American storage giant Western Digital already covers SSDs, memory cards, RAM, and hard drives and has dipped its toes in DNA data storage (it is a founding member of the DNA Data Storage Alliance).
Now, newly unearthed patents seem to show that the company may want to (re)add a bar to complement its existing media collection after the sun went down to its Arkeia line of products a few years ago.
The company has recently obtained a number of patents which stated:embedded tape drive In the last years:
- 11393498 (PDF) (head assembly with suspension for a bar inline engine)
- 20200258544 (PDF) (embedded tape drive)
- 11081132 (PDF) Tape a drive with the hard drive components embedded
- And a little more
What this indicates is an interesting possibility of integrating the basic components of a tape drive with physical tape media in an effort to reduce the environmental and technological complexity inherent in tape libraries as well as improve access time by at least one order of magnitude.

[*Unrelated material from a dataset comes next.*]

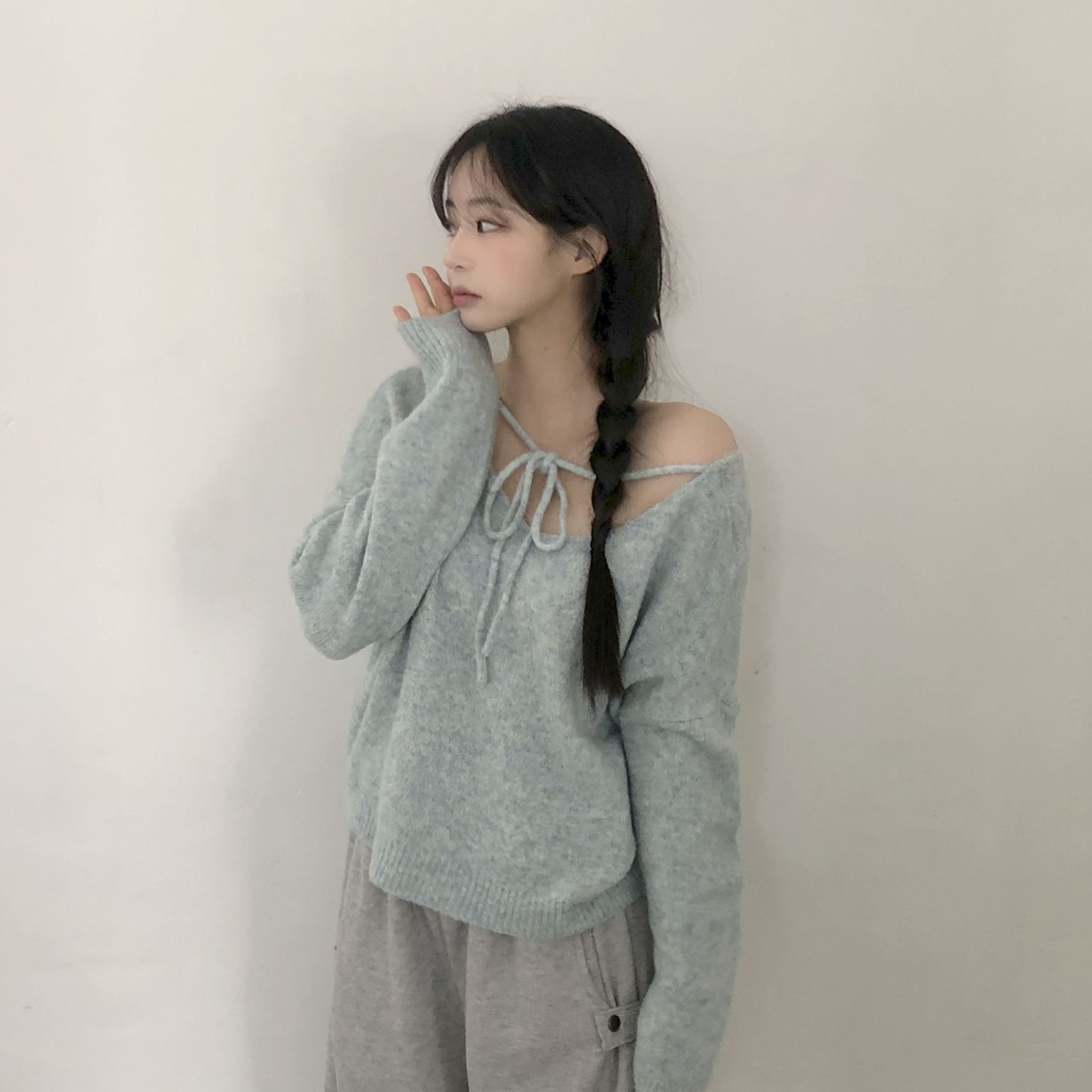 [여리핏보장]알파카 리본 라인 브이넥 긴팔 니트

Bringing the read and write heads closer to the media in a closed form factor is nothing new. This is what hard drives do and what others, most notably Iomega with its Zip Drive, have tried to do in the past. The Western Digital patent proposes the adoption of a standardized form factor, 2.5-inch or 3.5-inch, to facilitate adoption by data centers and hyperscales.
cost factor
The included tape will still be more expensive than regular tape (LTO-9 tapes sell for $130 a pop) because of the extra electronics but you don’t need a tape drive to get started. As long as it falls somewhere between tape ($4 per terabyte) and enterprise hard drives ($20 per terabyte), there will be a large market for it.
A standard LTO (Linear Tape Opening) measures 102 x 105 x 21 mm while the average 3.5-inch hard drive measures about 147 x 101 x 26 mm while weighing about a quarter of the weight. LTO-9 has a compressed capacity of 45 terabytes (18 terabytes uncompressed) with the next generation – likely coming in the second half of this decade – doubling the capacity (obviously, there may be some modifications as was the case from gen 8 to tech 9 ).
A sealed LTO-based tape drive is potentially lighter, cheaper, consumes/dissipates less power, but also has more internal computing power than a standard hard disk. Thicker and wider tape spools also allow for much greater capacities (the LTO-9 uses 1 km tape that is 5.2 microns thick and 12.65 mm wide).
Uncompressed capacities of 100TB should be achievable, and Western Digital is uniquely positioned to turn that into practice especially since it can use its expertise in hard drive components.
This new tape could, all things considered, use a similar PCB and interface as an enterprise hard drive; It doesn’t need the traditional tape look. It still has to solve the problem of physically caching the tape to access the required data.
Perhaps the biggest challenge of all is taking this new approach to tape to the LTO consortium, an organization that oversees LTO development and is made up of IBM, HPE, and Quantum, all of whom may have different business strategies that require an expensive drive and cheap tapes.